**Exercise**
Given these entries, repeat exactly the lines starting with the one that has "Винт с полукруглой" and going on through the one that has "tribratanews.lampung.polri.go.id. Way Kanan, Rabu", both included, but none of the pictures.

▶

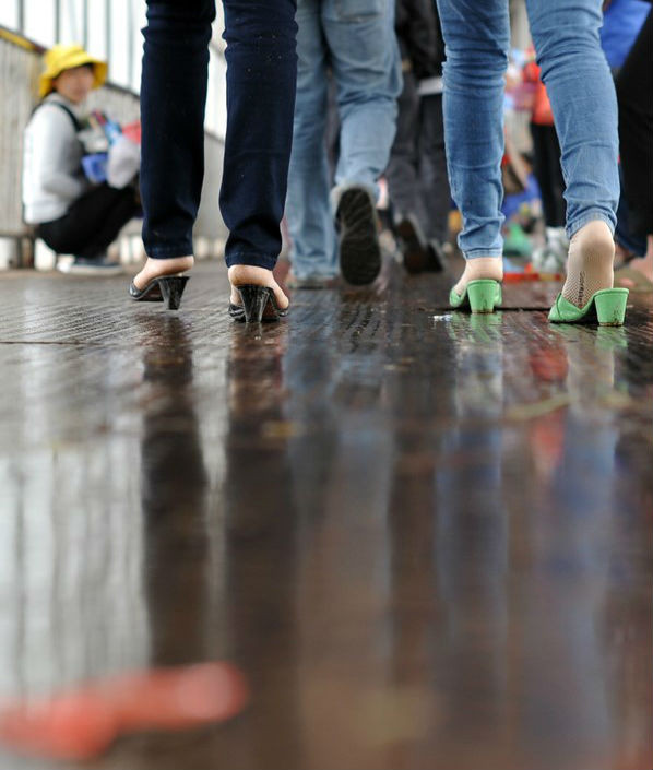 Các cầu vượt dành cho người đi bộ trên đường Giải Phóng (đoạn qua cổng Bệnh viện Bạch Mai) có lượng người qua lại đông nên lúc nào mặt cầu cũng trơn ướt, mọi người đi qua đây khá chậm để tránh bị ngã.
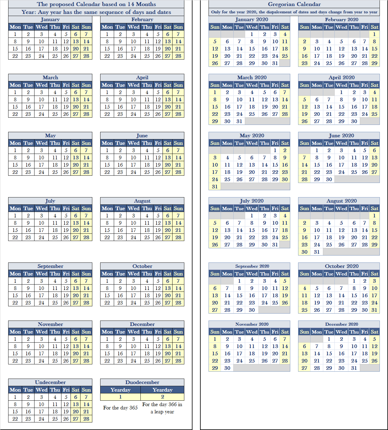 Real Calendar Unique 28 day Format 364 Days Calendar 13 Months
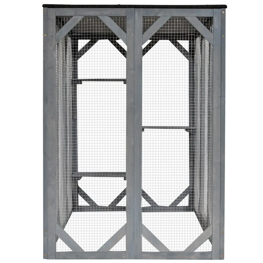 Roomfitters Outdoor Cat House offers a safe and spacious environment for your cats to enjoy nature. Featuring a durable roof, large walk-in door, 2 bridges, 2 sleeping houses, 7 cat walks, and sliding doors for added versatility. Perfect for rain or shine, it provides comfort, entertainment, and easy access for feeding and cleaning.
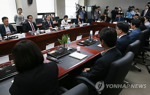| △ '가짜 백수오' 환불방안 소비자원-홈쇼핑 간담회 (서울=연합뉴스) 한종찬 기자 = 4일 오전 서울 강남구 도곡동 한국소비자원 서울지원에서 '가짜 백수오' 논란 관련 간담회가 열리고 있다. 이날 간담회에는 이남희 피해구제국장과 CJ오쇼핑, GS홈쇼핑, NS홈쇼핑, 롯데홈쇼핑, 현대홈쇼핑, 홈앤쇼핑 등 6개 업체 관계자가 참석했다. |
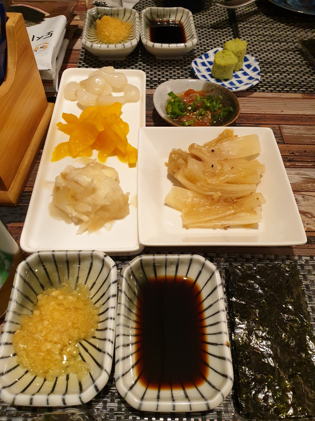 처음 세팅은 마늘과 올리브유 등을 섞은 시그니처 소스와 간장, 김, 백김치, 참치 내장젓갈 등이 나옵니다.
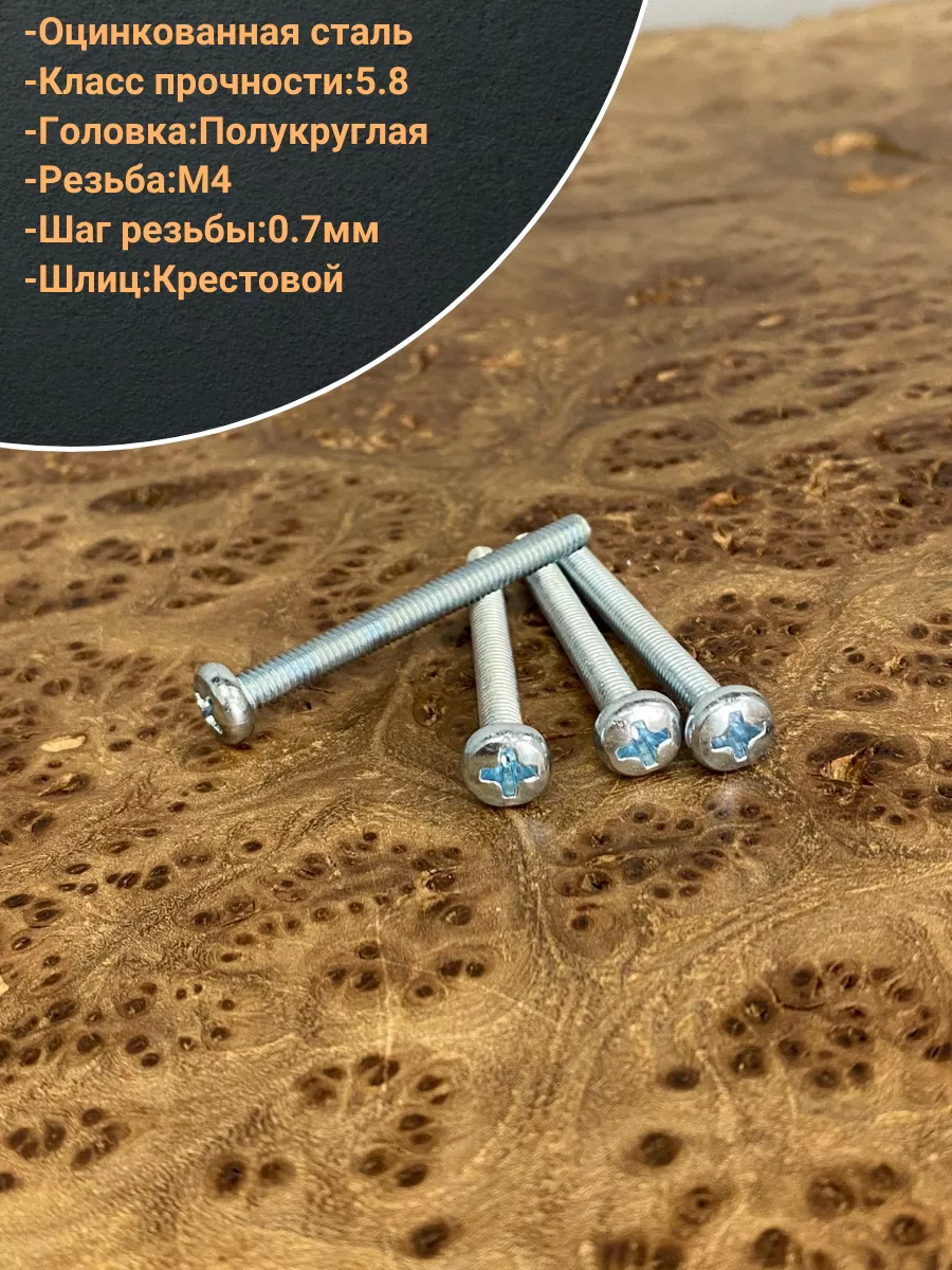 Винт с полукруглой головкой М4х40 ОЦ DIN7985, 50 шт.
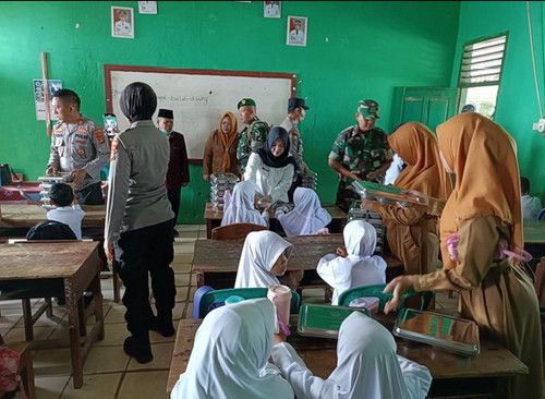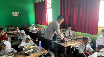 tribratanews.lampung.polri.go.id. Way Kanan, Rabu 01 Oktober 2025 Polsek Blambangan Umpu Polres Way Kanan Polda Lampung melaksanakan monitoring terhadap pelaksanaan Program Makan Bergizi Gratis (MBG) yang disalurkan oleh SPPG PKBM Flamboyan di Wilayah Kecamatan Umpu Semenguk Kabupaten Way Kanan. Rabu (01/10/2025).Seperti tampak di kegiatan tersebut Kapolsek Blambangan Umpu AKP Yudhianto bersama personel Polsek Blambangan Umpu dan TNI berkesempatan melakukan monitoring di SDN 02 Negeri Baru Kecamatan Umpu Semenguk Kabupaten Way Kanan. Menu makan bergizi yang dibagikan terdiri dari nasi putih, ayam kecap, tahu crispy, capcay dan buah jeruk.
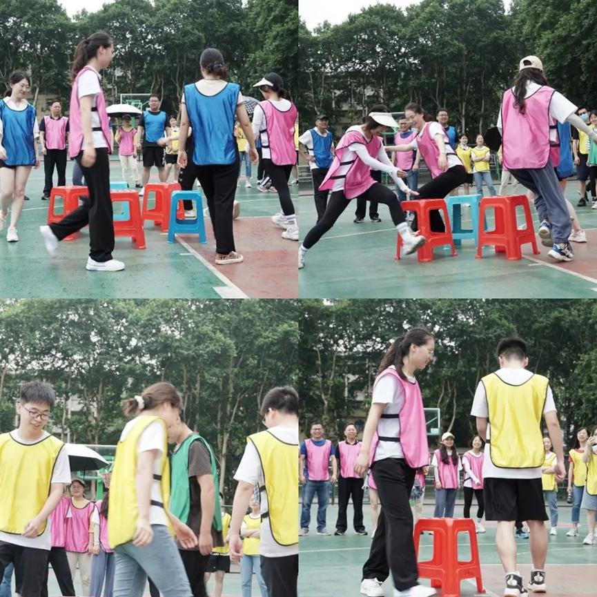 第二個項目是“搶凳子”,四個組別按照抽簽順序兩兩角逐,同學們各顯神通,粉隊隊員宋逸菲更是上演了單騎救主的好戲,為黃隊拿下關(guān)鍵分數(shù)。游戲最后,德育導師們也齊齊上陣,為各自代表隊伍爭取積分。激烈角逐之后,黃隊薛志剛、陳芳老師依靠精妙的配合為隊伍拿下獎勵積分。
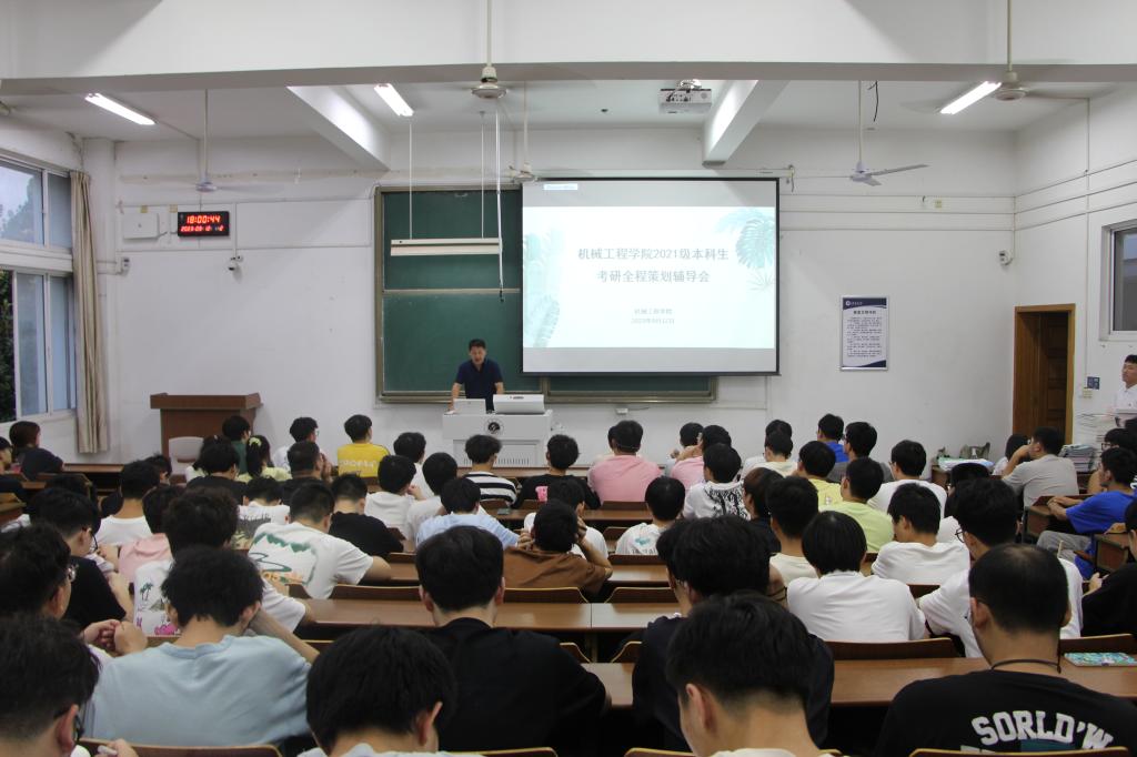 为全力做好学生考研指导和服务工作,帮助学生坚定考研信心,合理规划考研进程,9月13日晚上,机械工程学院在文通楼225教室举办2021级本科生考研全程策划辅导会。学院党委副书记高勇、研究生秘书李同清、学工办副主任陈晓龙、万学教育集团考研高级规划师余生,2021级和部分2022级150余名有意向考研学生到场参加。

◀

**Written solution**
 Винт с полукруглой головкой М4х40 ОЦ DIN7985, 50 шт.
 tribratanews.lampung.polri.go.id. Way Kanan, Rabu 01 Oktober 2025 Polsek Blambangan Umpu Polres Way Kanan Polda Lampung melaksanakan monitoring terhadap pelaksanaan Program Makan Bergizi Gratis (MBG) yang disalurkan oleh SPPG PKBM Flamboyan di Wilayah Kecamatan Umpu Semenguk Kabupaten Way Kanan. Rabu (01/10/2025).Seperti tampak di kegiatan tersebut Kapolsek Blambangan Umpu AKP Yudhianto bersama personel Polsek Blambangan Umpu dan TNI berkesempatan melakukan monitoring di SDN 02 Negeri Baru Kecamatan Umpu Semenguk Kabupaten Way Kanan. Menu makan bergizi yang dibagikan terdiri dari nasi putih, ayam kecap, tahu crispy, capcay dan buah jeruk.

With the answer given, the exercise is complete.